The paper seems to imply that AIs should not reflect “social norms” but that training data should be selected to accentuate “attempt[ed]” shifts in such norms. Maybe that’s true, but it doesn’t seem obviously true. To return to the example above, is some Google AI generating the phrase “LatinX” (which 3/4 of Latinos have never even heard of: https://www.pewresearch.org/hispanic/2020/08/11/about-one-in...) in preference to “Latino” or “Hispanic” actually the desired result?
Good grief - this terrible clickbaity headline writing: "We read the paper that forced Timnit Gebru out of Google. Here’s what it says"
The paper DID NOT force her out of Google. Her subsequent behaviour - submitting without approval, rant, ultimatum, and resignation - did. And she wasn't "forced out": she resigned of her own volition. She could have chosen to make improvements to the paper based on the feedback she was given, resubmit it for approval, and then get on with her life, but she went the other way.
The headline from the last discussion on Timnit's exit[0] was awful as well: "The withering email that got an ethical AI researcher fired at Google". So bad in fact that it was changed on HN to more accurately reflect what actually happened: "AI researcher Timnit Gebru resigns from Google" (much more neutral and factual in tone).

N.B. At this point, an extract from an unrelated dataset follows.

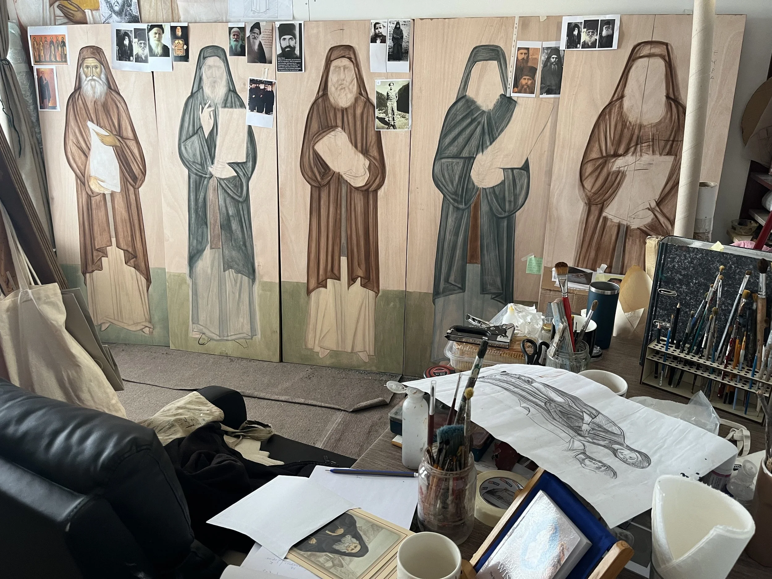 The Monastery workshop produces large, hand-painted canvases for churches and iconostasis, custom, hand-painted iconography, as well as original mounted icon prints and handmade decorations available for sale through the monastery giftshop.

Seriously, what happened to journalistic standards and integrity? Why are the actual events being so forcefully twisted to fit a particular narrative? No wonder the general population struggle to figure out what's true and what's not, and fall victim to all kinds of nonsense, BS theories, and conspiracies.
I wish I had a good idea on how to change this behaviour by journalists and publications.
(Clearly this is a problem that goes far beyond Timnit's story.)
[+] [-] jpm_sd|5 years ago|reply
They hired Gebru as a professional thorn in their side. "Come up in here and be a pain in the ass! Tell us what we're doing wrong!", they said. "We're Enlightened Corporate America, after all!" She is a chess piece in the game of Wokeness Street Cred.
She then proceeded to do the job she was hired for, and now they're all "Hey lady, Here At Google that's not how we do things".
That said, as a manager, I would have "accepted her resignation" and/or fired her without hesitation.
[+] [-] nathanlied|5 years ago|reply
I am wholly uncomfortable with any discussion of politics in a workplace environment like a mailing list. I am more than fine with employees choosing to associate politically outside the workplace and workplace spaces, no matter how radical I find their views. This is in itself political - it supports the status quo - but anything else is inviting dissent and combativeness, and situations like these will keep happening.
That said, I've not seen the email outlining her conditions "or else", but I feel I'd have very much taken the same stance as you, given the surrounding coverage of what was in that email. Ultimatums to your employer don't often go well. And perhaps this is a good thing for her, because she may leave for a place that better suits her.
-
[1] my derisive use of this term does not stem from actual efforts at inclusiveness, those are good, but from surface-level attempts at it that end up feeling performative, at best.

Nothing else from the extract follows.